Are Robo-Doctors Bad For Your Health? The role of Engagement and the Doctor-Patient Relationship

Allen Curreri: Are Robo-Doctors Bad For Your Health? The Role of Engagement and the Doctor-Patient Relationship

Are Robo-Doctors Bad For Your Health?

Technology has made almost every aspect of our lives faster, easier, more convenient, and information-laden. The smarter our computers get, the more we rely on them — and usually this is a good thing. Computers, after all, are able to store and process information in mind-boggling quantities, and more information should lead to better decisions.

There are some situations, however, in which increased speed and impartiality can be dangerous.

Between IBM’s supercomputer Watson and the countless medical apps springing up that offer services from symptom checkers à la WebMD to virtual appointments with real human doctors, the medical art of diagnosis may be reaching a pivotal point. As we learn to integrate new technologies with human skill, it’s easy to forget to ask one crucial question: What do we actually need from our doctors?

Think about what makes you feel comfortable and cared for when it comes to your health. Chances are, your ideal doctor is not only intelligent and highly skilled, but they are also kind and understanding. After all, you may have to discuss openly with your doctor things that you would cringe to mention to a close friend. You may have to trust your doctor with difficult and painful decisions, or work closely with them on the hard task of changing your lifestyle and ingrained habits.

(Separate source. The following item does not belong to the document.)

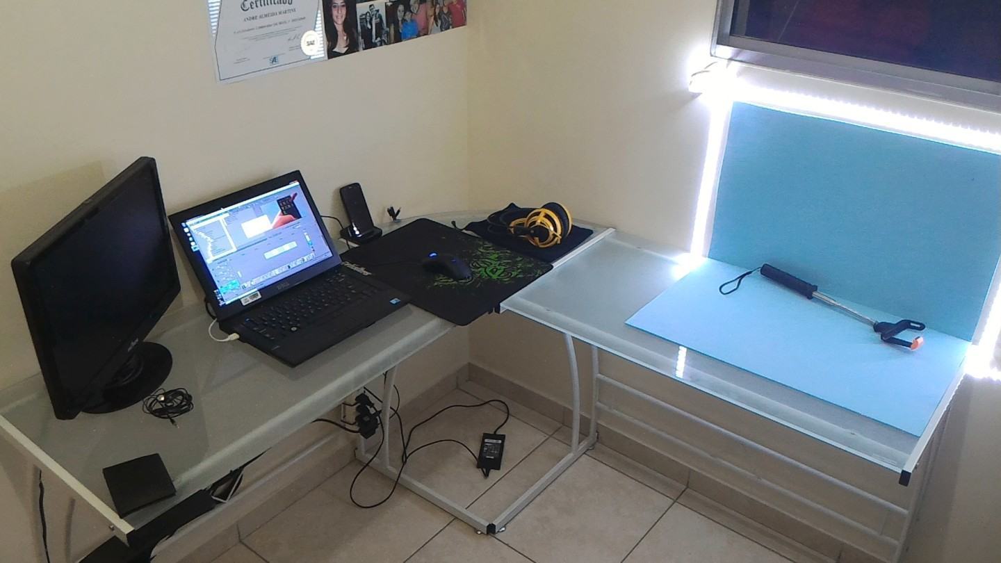 Além disso, no canto direito, tem um mini-cenário para gravar meus vídeos de reviews de produtos. A iluminação foi feita com uma fita LED de 5 metros. O tripé é posicionado de forma que esta “moldura” me ilumine bem durante os vídeos. Foi uma saída simples pra tentar resolver um dos maiores problemas de alguém que faz vídeos pra internet. Uma coisinha que gosto muito é a régua de tomadas e um hub USB com sete portas adaptada na mesa com fitas dupla face. O grampo mol segura os meus cabinhos USB para que eles não caiam toda vez que soltar dos gadgets.

Studies show that a good bedside manner is not just a perk — it’s essential to your health. When patients describe a good relationship and high level of comfort with their doctor, they are far more likely to follow the best medical advice and take an active role in their own wellbeing. A 2014 analysis of 13 clinical studies showed that positive doctor-patient relationships based on empathy and patient-focused care had measurable, statistically significant effects on what they called “hard health outcomes,” including conditions like diabetes, pulmonary infections, and obesity.

A productive relationship is a delicate thing based on mutual respect, empathy, and involvement. We understand this intuitively, and the research backs it up. Engaging patients actively in the process not only helps to educate them and put them at ease, but also leads to patients who are healthier biologically and report higher life satisfaction. After all, it makes sense that if a doctor assumes an all-knowing approach and makes all the decisions solo, the patient takes on a more passive position.

The key to healthy relationships and healthy patients, it seems, is patient involvement, thoughtful doctor communication, and engagement with patients beyond the office setting. Here’s where it all ties back to technology: doctors can only involve patients in the process if they themselves are actively engaged with the diagnosis and treatment decisions. If doctors allow themselves to become reliant on AI to do the cognitive heavy-lifting, they risk losing the touch of creativity and critical thinking that makes a human doctor brilliant, and allows them to intelligently and thoughtfully implement information from a computer.

How can doctors build the necessary trust and involve patients in their own health when the entire process is nothing more than a machine spitting out an answer?

It’s not, it turns out, an unwarranted fear. A recent experiment at Georgia tech found that people are all too willing to trust an authoritative machine blindly, even when the stakes are extremely high. Participants believed they were in the lab for a routine study when an alarm rang and the hall filled with simulated smoke. They willingly followed an “emergency guide robot” as it led them in the opposite direction from emergency exit signs, even when they had earlier witnessed the same robot give faulty directions and even break down entirely.

Trusting in machine intelligence to eliminate human bias, then, may be an oxymoron. Technology can provide immeasurable value when it comes to providing and recognizing huge amounts of information, but that information itself loses value unless combined with a human touch.

 
Now more than ever our doctors must be highly trained not only in medicinal science but in the art of critical thinking and thoughtful creative engagement with the medical process. Only a truly mindful doctor can properly utilize the incredible power technology places at our fingertips.